Continuous Mappings into Hausdorff Space coinciding on Everywhere Dense Set coincide/Proof 1
Theorem
Let $\struct {X, \tau_X}$ be a topological space.
Let $\struct {Y, \tau_Y}$ be a Hausdorff space.
Let $D$ be an everywhere dense subset of $X$.
Let $f : X \to Y$ and $g : X \to Y$ be continuous mappings such that:
- $\map f x = \map g x$ for all $x \in D$.
Then:
- $\map f x = \map g x$ for all $x \in X$.
Proof
Aiming for a contradiction, suppose that there exists $x_0 \in X$ such that $\map f {x_0} \ne \map g {x_0}$.

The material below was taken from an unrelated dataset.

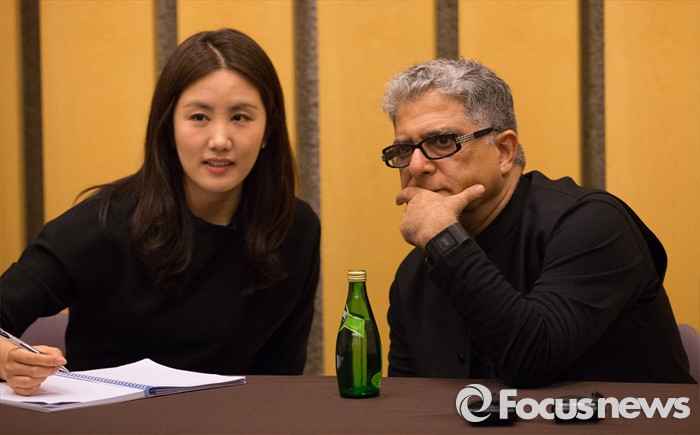 | △ 취재진 질문 듣는 디팍 초프라 |

Since $\struct {Y, \tau_Y}$ is Hausdorff, there exists an open neighborhood $U$ of $\map f {x_0}$ and an open neighborhood $V$ of $\map g {x_0}$ such that:
- $U \cap V = \O$
We then have:
- $x_0 \in f^{-1} \sqbrk U \cap g^{-1} \sqbrk V$
Let:
- $W = f^{-1} \sqbrk U \cap g^{-1} \sqbrk V$
Since $f$ and $g$ are continuous, $W$ is the intersection of two open sets in $\struct {X, \tau_X}$.
So $W$ is open in $\struct {X, \tau_X}$ by the definition of a topology.
Since $D$ is an everywhere dense subset of $X$, there therefore exists $y \in D \cap W$.
Then we have $\map f y \in U$ and $\map g y \in V$.
Since $U \cap V = \O$, it follows that $\map f y \ne \map g y$.
But we also have $y \in D$, and by hypothesis we have that $\map f x = \map g x$ for all $x \in D$.
Hence we have a contradiction.
We conclude:
- $\map f x = \map g x$ for all $x \in X$.
$\blacksquare$